I would like to prevent search engines from indexing with some specific get parameters.
Example:
https://www.example.com/mypage.php
should be indexedhttps://www.example.com/mypage.php?myparam=1
should not be indexed
I have many pages (more than 10k) with get parameters that are indexed on top of the main page despite sending a no index in the header.
I have this in robots.txt:
Disallow: /*?*myparam=
And this in the html:
<meta name="robots" content="noindex" />
All pages also have a canonical referring to the main page (without get params)
I would like to try the following but as it may have catastrophic consequences if I doing it wrongly, I'd like to check if my approach is ok:
<FilesMatch "\.php">
<If "%{QUERY_STRING} =~ /myparam/">
Header set X-Robots-Tag "noindex, noarchive"
</If>
</Files>
Is this approach ok? Or do you see a better one?
CodePudding user response:
I have this in robots.txt:
Disallow: /*?*myparam=
That's the problem.
robots.txt
prevents search engine bots from crawling your site.
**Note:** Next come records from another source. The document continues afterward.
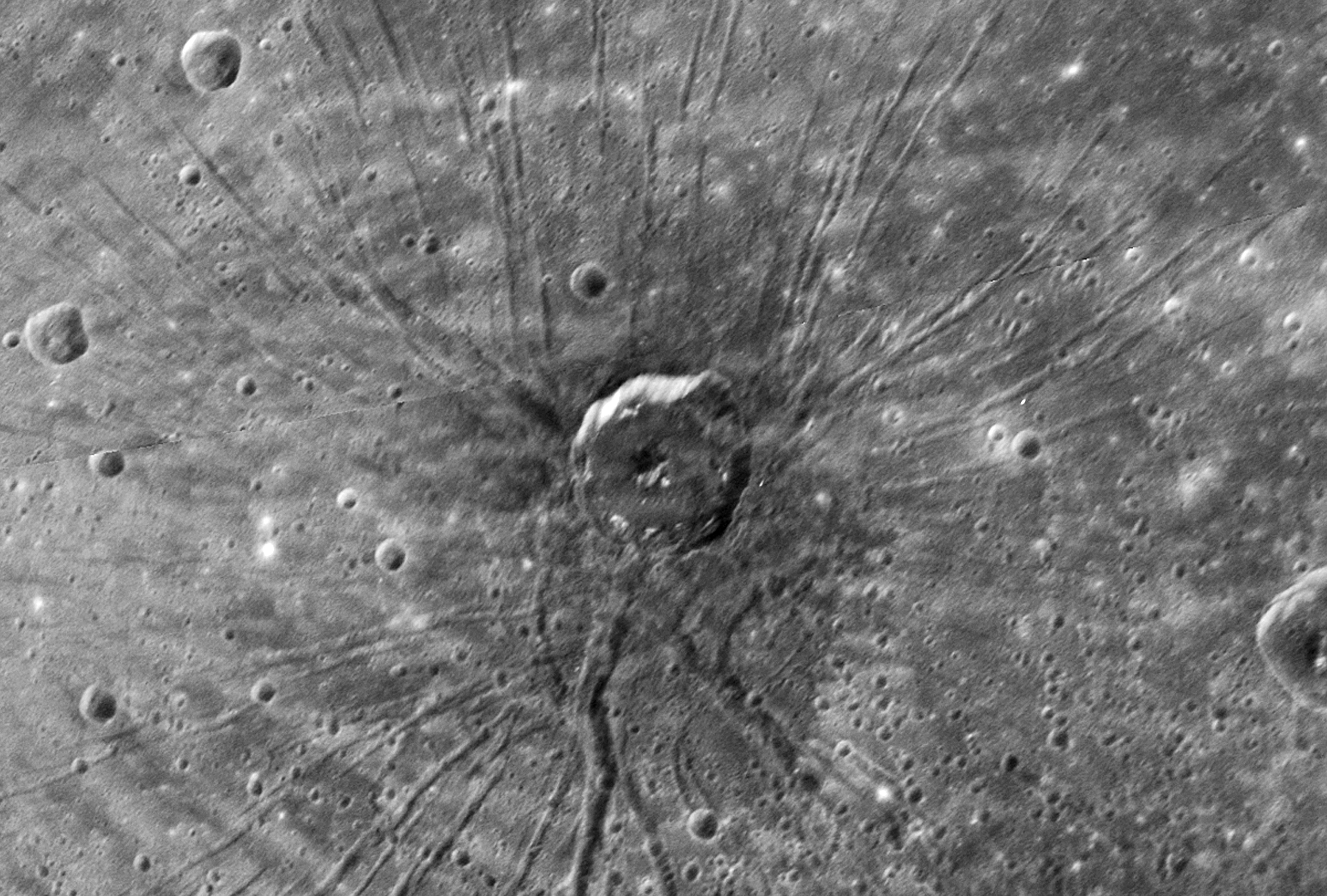 Spider crater (Apollodorus) on Planet Mercury. The Narrow Angle Camera of the Mercury Dual Imaging System (MDIS) on the MESSENGER spacecraft obtained high-resolution images of the floor of the Caloris basin on January 14, 2008. Near the center of the basin, an area unseen by Mariner 10, this remarkable feature – nicknamed “the spider” by the science team – was revealed. A set of troughs radiates outward in a geometry unlike anything seen by Mariner 10. The radial troughs are interpreted to be the result of extension (breaking apart) of the floor materials that filled the Caloris basin after its formation. Other troughs near the center form a polygonal pattern. This type of polygonal pattern of troughs is also seen along the interior margin of the Caloris basin. An impact crater about 40 km (~25 miles) in diameter appears to be centered on “the spider.” The straight-line segments of the crater walls may have been influenced by preexisting extensional troughs, but some of the troughs may have formed at the time that the crater was excavated. (Original text from NASA)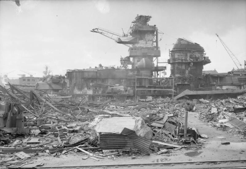 Royal Air Force Bomber Command, 1942-1945. The German heavy cruiser ADMIRAL HIPPER, scuttled in her dry dock at Kiel, after being badly damaged while undergoing a refit there by Avro Lancasters of Nos 1 and 3 Groups on the night of 9/10 April 1945.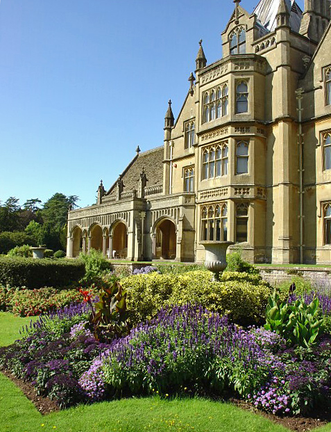 Tyntesfield, a beautiful National Trust, south side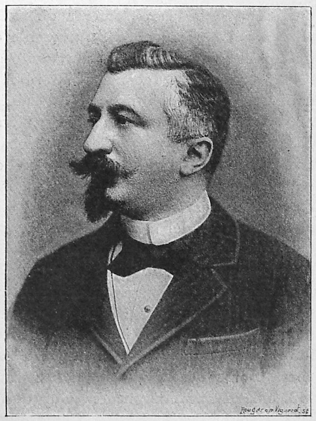 Laurent Tailhade

This does not necessarily prevent these pages from getting indexed if these pages are being linked to.
If you prevent crawling then search engine bots are not going to see the meta robots tag in the HTML or X-Robots-Tag
HTTP response header, because the page is never requested.
(Although you would normally be notified of this in the search results with a search description along the lines of "A description for this result is not available because of this site's robots.txt - learn more".)
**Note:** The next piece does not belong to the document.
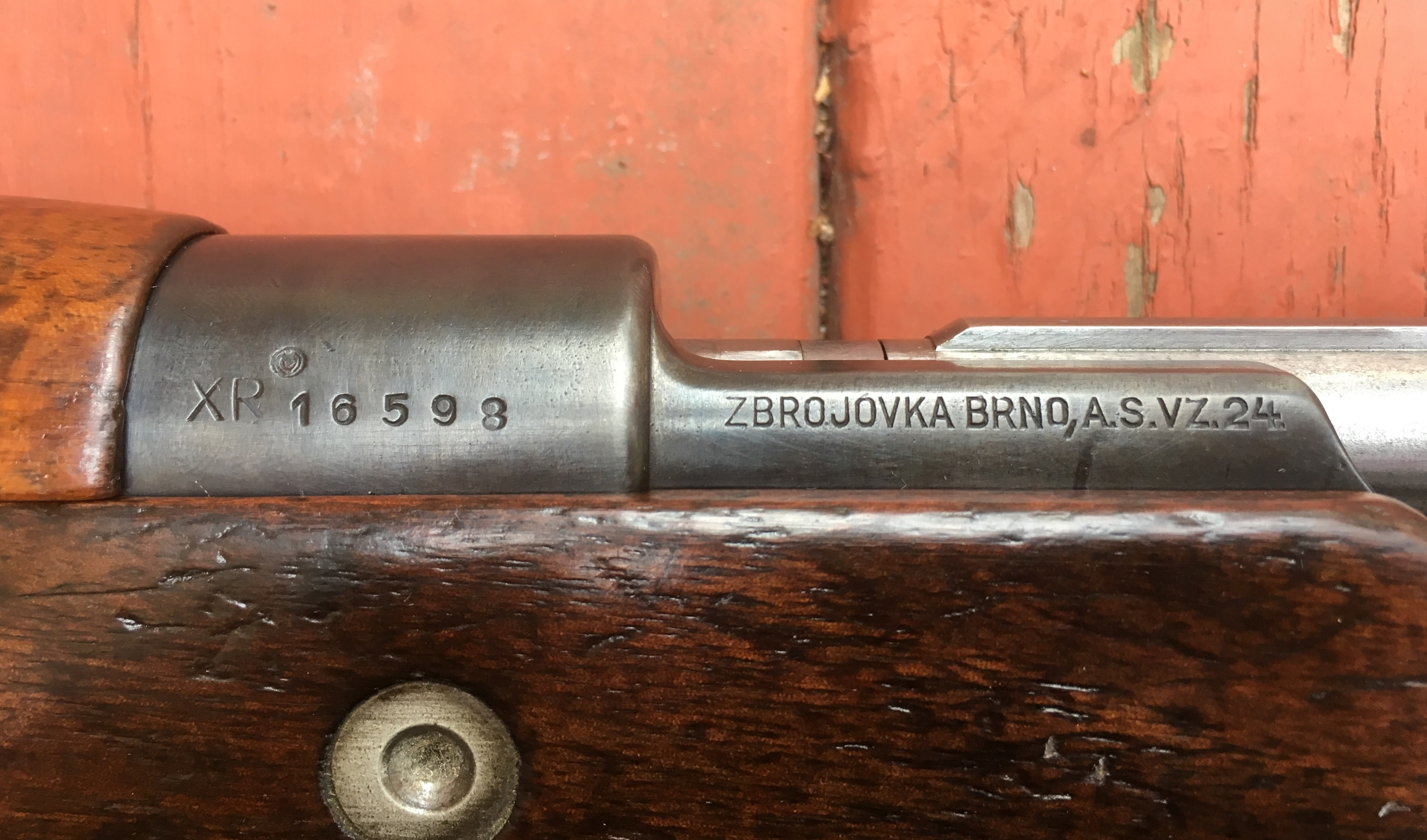 The left side of a Romanian-contract vz. 24 receiver, showing the serial number and receiver markings.

So, you should remove the entry in the robots.txt
file.
However, there's also the matter of how you are determining the pages are indexed and whether this is really a concern. For example, if you are using a site:
search then this often returns URLs that are not ordinarily returned in organic searches. It is unusual for a URL that is blocked in robots.txt
to be returned in the organic search results since the "content" of that page is not indexed - just the URL. Often, a site:
search is the only way to dig out these URL-only "indexed" URLs.
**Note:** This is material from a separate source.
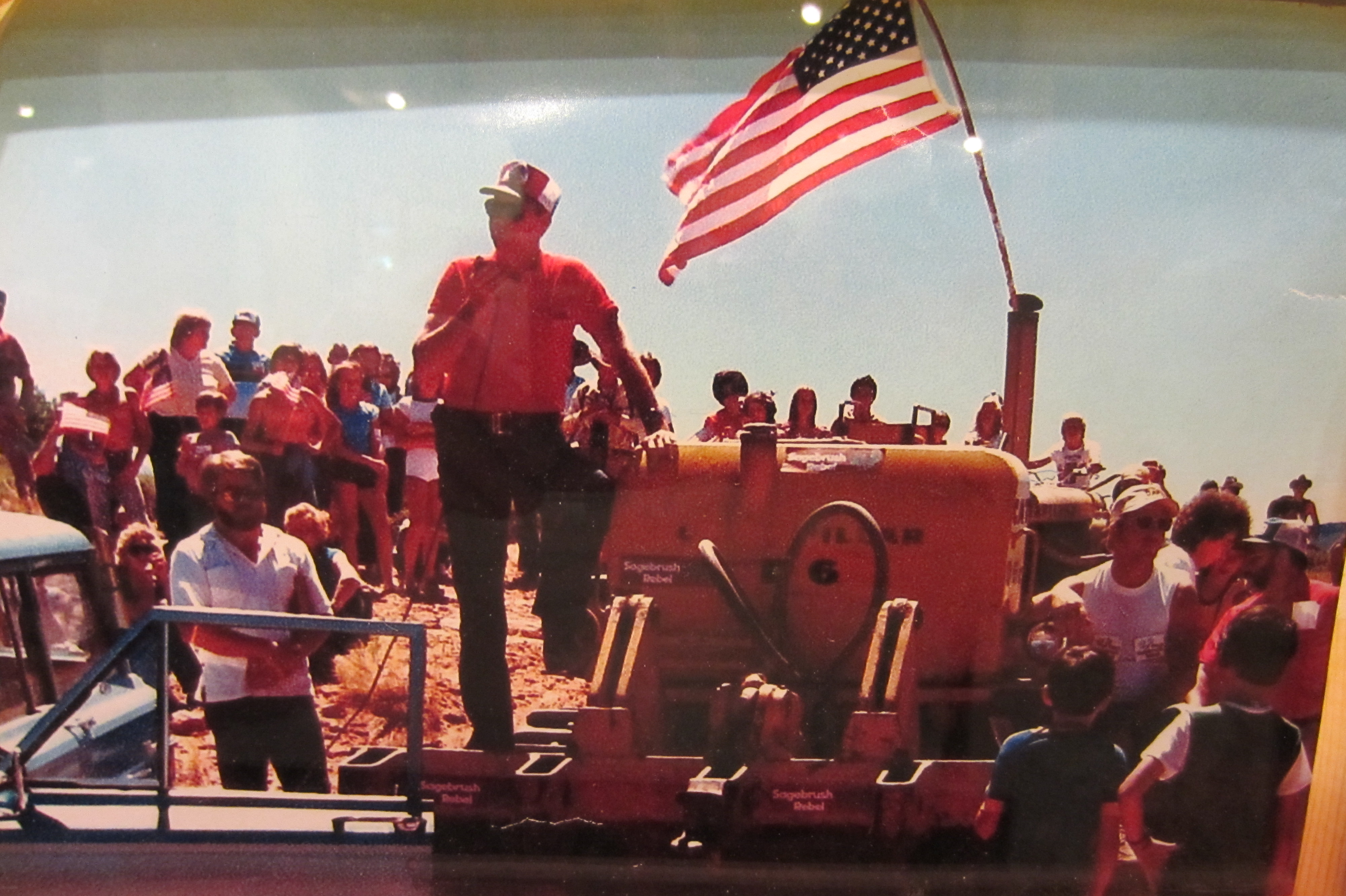 Sagebrush Rebellion July 4th, 1980 Grand County Utah

All pages also have a canonical referring to the main page (without get params)
This should be enough by itself and is the preferred option if the non-parameter version of the URL is genuinely the canonical version (ie. not a completely different page).
The "canonical" tag (if honoured) will effectively pass link-juice to the canonical URL.
However, the canonical tag is only "advisory". If Google determines that the canonical URL is not really canonical (eg. if it is sufficiently different) then it is ignored.
You can also resolve URL parameter canonicalisation in GSC.
<FilesMatch "\.php"> <If "%{QUERY_STRING} =~ /myparam/"> Header set X-Robots-Tag "noindex, noarchive" </If> </Files>
UPDATE: The closing "tag" should be </FilesMatch>
, not </Files>
. Or, use the non-regex <Files ".php">
directive instead (preferable).
Otherwise, this is "OK", except that it does potentially catch too much. It would set the X-Robots-Tag
header on any request that maps to a file that contains .php
- not just a file extension (even if the requested URL itself is not for a .php
file) and that request contains the string myparam
anywhere in the query string (which is a bit general, since it would also match abcmyparamxyz=1
- if that is a possibility).
You could be more specific and avoid the <FilesMatch>
directive. For example:
<If "%{REQUEST_URI} == '/mypage.php' && %{QUERY_STRING} =~ /(^|&)myparam=/">
Header set X-Robots-Tag "noindex, noarchive"
</If>